1st Sunday of Lent 18 Feb 2018 Sermon


1st Sunday of Lent 18.2.18 Desire

The body and soul are not meant to be in conflict with each other, but there is conflict, because of some wrong turnings people have made.

The first sin broke the order of things, and from then on the lower would rebel against the higher, and this is all around us now.

When the physical order is pursued as the highest good we have a major breakdown in the system. Even in ourselves we find no peace and calm my soul may win because my body craves to sin.

We crave for forbidden pleasure when the allowable pleasures are enough, by far, to fill us with joy. We don’t need anything forbidden but we go after it all the same.

We ask the Lord to help us in this Lenten season. He had perfect balance between body and soul. He did all this for our sake.

He was teaching us, and at the same time enabling us to operate at the higher level, which He would set.

All who come into harmony with Him will share in that new order whereby desires and objectives will come back into proper order.

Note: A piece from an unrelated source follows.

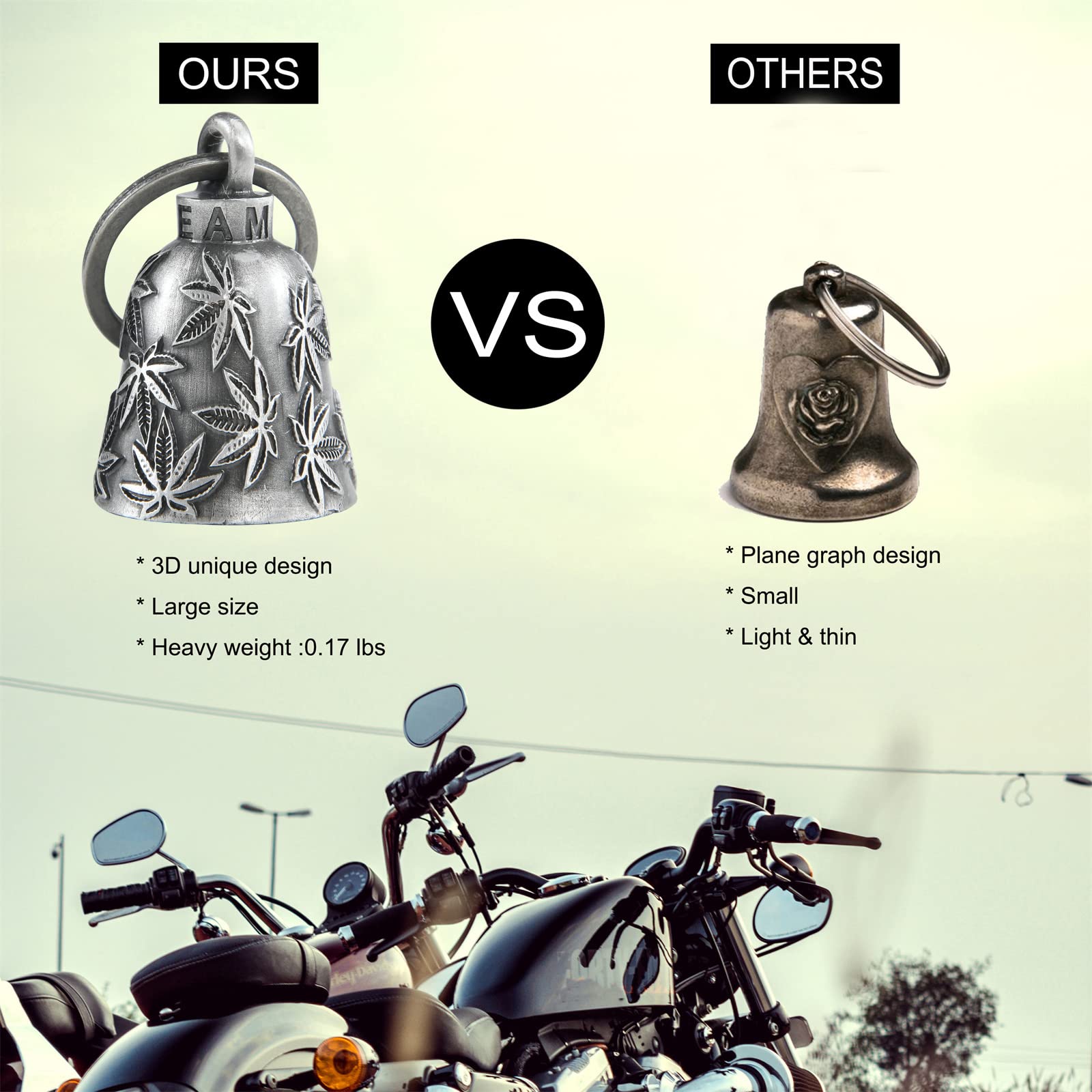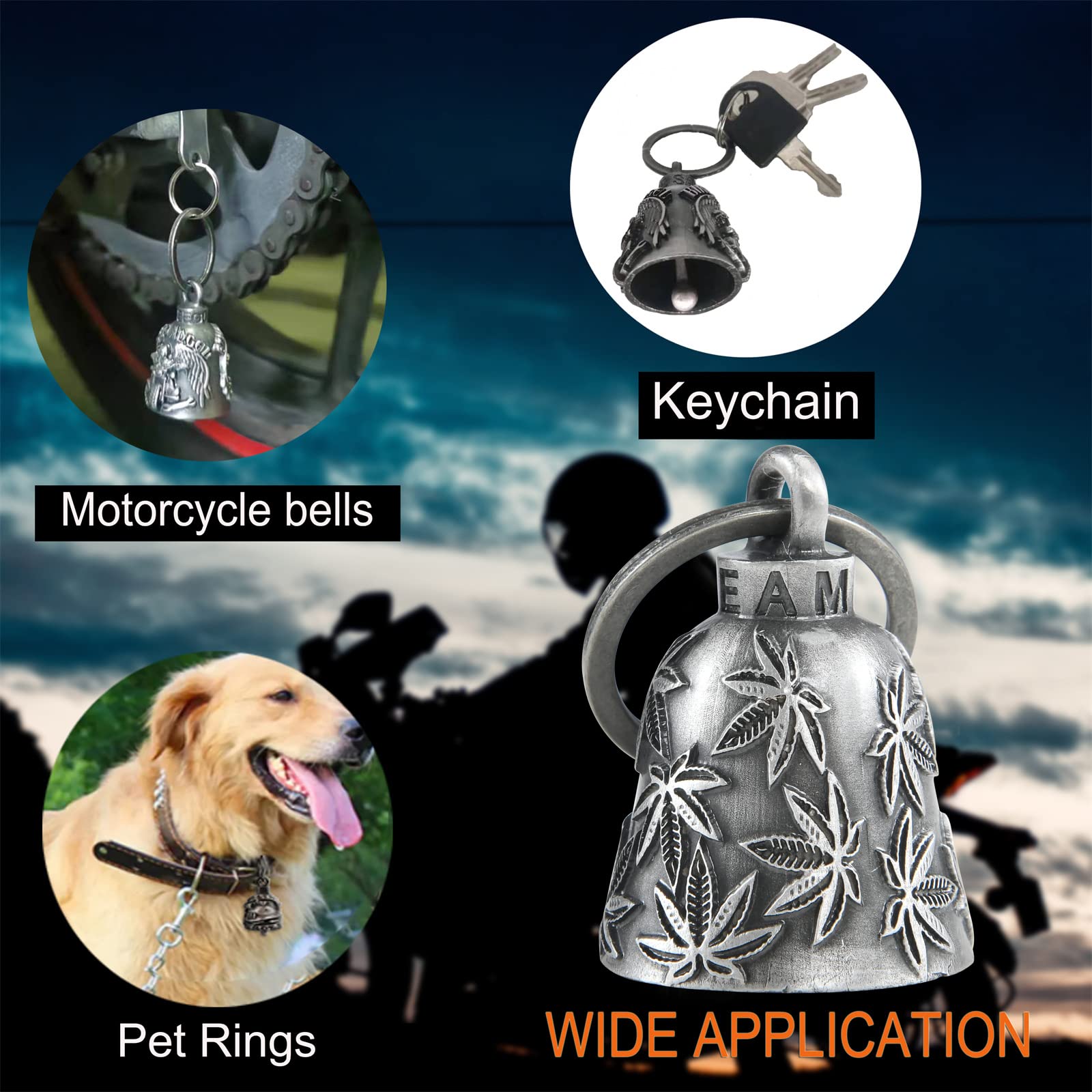Multi use:This biker bells are multi usage, it could be hang on motorcycle for safe and lucky, can hang on pet lease ,and can be a keychain for luck.
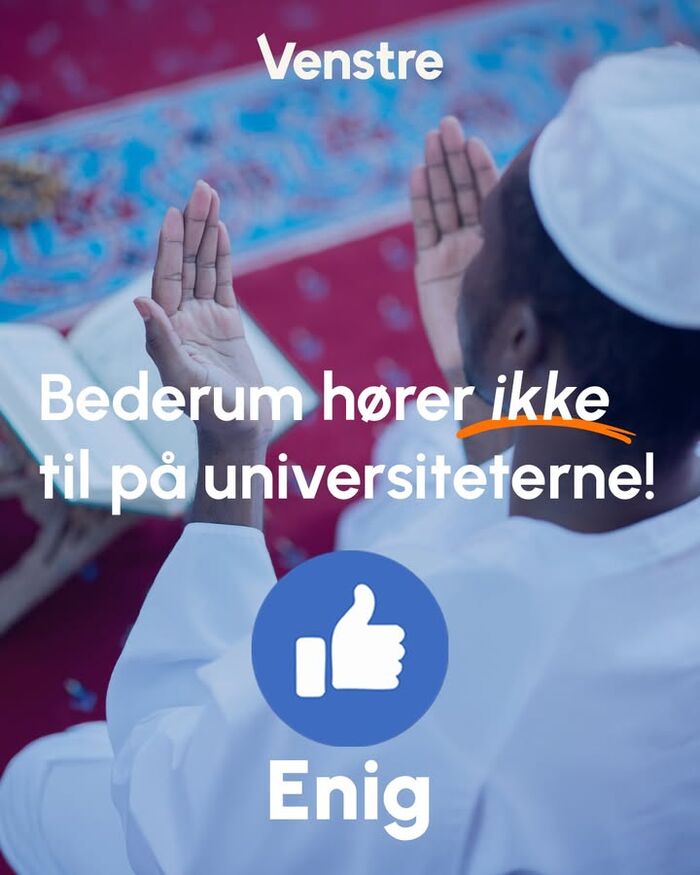 Danske universiter på stribe har lukket deres bederum, da der har været alt for mange eksempler på, at det bliver brugt til at udøve negativ social kontrol mod kvindelige studerende. Og det hører ikke til i Danmark!

We will take on a more spiritual view of reality and therefore restore what was lost. What was lost at Eden is coming back.

The fasting, and other penance we do, atone for our sins and set straight what was crooked. When we sin we grasp what is not ours; when we fast we are giving back what is ours, a kind of reversal. This is symbolic largely, but it will make a real difference.

Unfortunately the world, infested with sin, does not take Lent seriously, nor Fridays, nor any call to repentance.

This is itself the result of sin, and the weakness that comes with it.

The world trumpets pleasure and its pursuit, going from one thing to another, no time to think. For the world it is Mardi Gras all Lent, indeed all year.

The world achieves some deeper insight, for instance in valuing human love, but setting that as the highest goal still falls short of God, and cannot yield complete happiness.

It takes discipline to look further all the time, and not just sink into the present moment, but if we can look further we will discover a great deal.

If we add prayer to fasting we will start to sense God's presence more strongly and we will find new horizons opening. We will not necessarily have a change of life situation, just a higher quality of love and wellbeing.

We are not leaving the real world, just making the world more real.

We can fast from sin too. We learn to hold back, not necessarily doing the first thing that occurs to us.

This is the whole principle of holiness. The Cross comes before, and leads to Resurrection.

And of martyrdom: Take my life and give me a better one.

We are encouraged to want more. Restrain from earthly things, yes, but when it is a matter of spiritual goods, then the more we want the better.

God wants us to have this desire and it will be fulfilled, if only we can override the false and misleading desires.

We can take control of a large part of this, not just drift, nor be buried in the world.

We are putting back what has been broken. May the Lord complete His healing work in us.